Among the entries below, only the lines from the one with "Der Höhenunterschied Δh" through the one with "琉璃奖杯定制桌面摆件开业纪念品企业表彰奖品奖杯定做高档奖杯" are to be retyped, exactly and without pictures.

§ **Data for processing**:
◆ ◆ ◆ ◆ ◆
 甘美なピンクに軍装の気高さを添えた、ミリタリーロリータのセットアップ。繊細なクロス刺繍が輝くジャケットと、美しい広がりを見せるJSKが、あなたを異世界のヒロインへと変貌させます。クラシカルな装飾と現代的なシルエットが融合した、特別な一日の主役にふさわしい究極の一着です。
◆ ◆ ◆ ◆ ◆
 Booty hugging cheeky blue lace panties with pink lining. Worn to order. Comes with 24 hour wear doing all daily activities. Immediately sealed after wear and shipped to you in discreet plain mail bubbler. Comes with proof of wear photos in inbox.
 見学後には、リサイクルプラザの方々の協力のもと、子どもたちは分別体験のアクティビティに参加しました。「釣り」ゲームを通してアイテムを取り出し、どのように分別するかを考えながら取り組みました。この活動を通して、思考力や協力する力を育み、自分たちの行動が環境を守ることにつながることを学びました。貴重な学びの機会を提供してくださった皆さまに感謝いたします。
◆ ◆ ◆ ◆ ◆
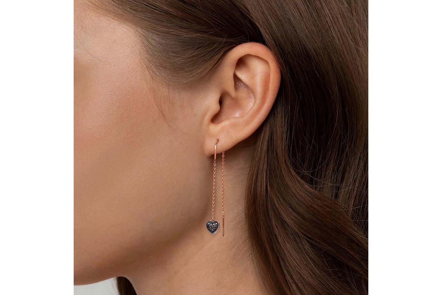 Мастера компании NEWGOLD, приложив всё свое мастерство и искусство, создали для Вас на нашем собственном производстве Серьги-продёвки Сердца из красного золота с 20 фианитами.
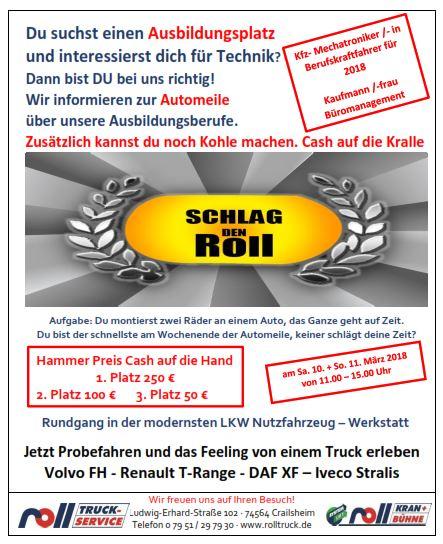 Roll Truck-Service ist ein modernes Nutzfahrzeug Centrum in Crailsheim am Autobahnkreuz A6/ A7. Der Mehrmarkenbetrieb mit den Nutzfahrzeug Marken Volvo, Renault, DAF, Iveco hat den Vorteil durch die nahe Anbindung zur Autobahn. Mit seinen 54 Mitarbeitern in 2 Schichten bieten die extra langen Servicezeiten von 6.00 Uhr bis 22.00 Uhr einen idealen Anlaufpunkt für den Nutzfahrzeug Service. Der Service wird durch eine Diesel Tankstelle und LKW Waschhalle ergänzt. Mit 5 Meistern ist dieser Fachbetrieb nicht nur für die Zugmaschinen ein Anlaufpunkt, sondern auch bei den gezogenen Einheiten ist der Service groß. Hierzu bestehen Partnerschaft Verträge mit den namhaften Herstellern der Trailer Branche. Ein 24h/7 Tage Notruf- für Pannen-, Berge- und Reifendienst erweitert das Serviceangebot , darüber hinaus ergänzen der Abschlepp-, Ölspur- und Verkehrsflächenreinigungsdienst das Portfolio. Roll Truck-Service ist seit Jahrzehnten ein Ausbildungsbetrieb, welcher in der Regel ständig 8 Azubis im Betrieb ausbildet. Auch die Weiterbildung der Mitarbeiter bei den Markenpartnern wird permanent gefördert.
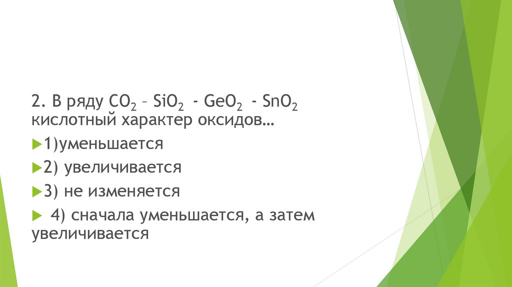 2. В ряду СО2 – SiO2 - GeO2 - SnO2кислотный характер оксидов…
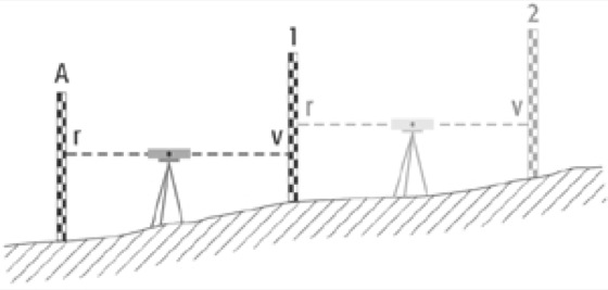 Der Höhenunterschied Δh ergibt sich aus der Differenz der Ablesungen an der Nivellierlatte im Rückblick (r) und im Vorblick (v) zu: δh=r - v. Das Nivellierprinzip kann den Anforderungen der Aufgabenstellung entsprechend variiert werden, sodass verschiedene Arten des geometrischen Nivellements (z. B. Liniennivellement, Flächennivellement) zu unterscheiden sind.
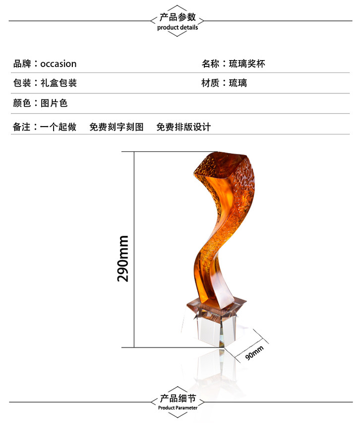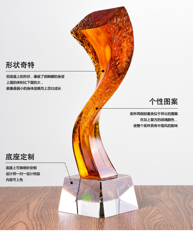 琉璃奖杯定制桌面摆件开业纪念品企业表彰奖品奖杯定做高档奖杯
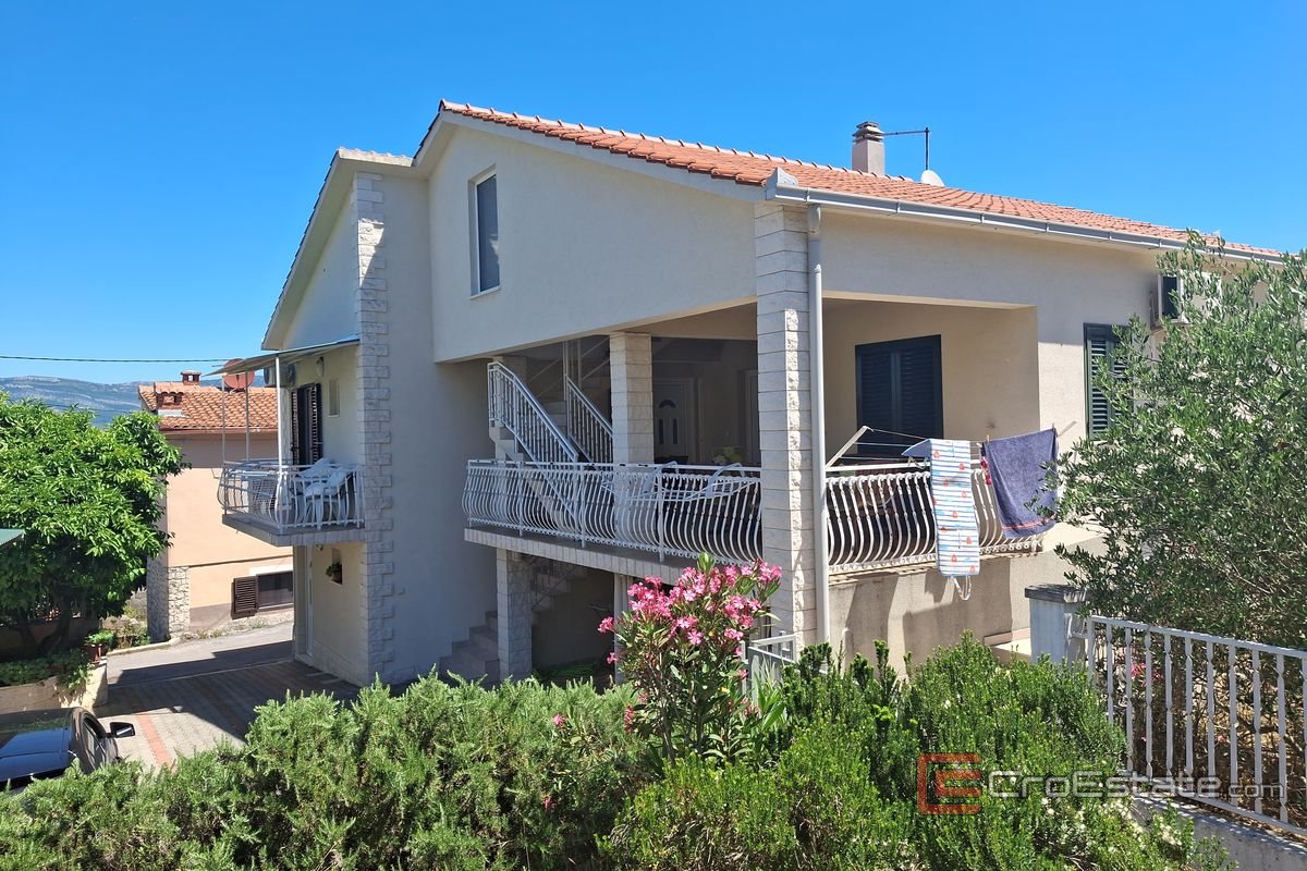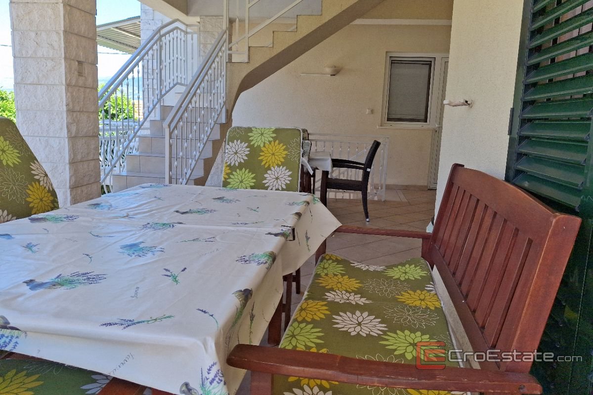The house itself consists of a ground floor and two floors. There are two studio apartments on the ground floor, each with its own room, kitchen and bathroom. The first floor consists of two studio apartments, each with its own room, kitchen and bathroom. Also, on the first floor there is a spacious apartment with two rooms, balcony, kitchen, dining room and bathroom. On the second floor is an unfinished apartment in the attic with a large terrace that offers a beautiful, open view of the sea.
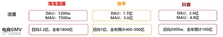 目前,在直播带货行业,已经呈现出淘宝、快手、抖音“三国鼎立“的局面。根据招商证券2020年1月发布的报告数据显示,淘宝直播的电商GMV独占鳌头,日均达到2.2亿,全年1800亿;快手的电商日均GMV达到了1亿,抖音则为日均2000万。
◆ ◆ ◆ ◆ ◆
§ **Response area**:
 Der Höhenunterschied Δh ergibt sich aus der Differenz der Ablesungen an der Nivellierlatte im Rückblick (r) und im Vorblick (v) zu: δh=r - v. Das Nivellierprinzip kann den Anforderungen der Aufgabenstellung entsprechend variiert werden, sodass verschiedene Arten des geometrischen Nivellements (z. B. Liniennivellement, Flächennivellement) zu unterscheiden sind.
 琉璃奖杯定制桌面摆件开业纪念品企业表彰奖品奖杯定做高档奖杯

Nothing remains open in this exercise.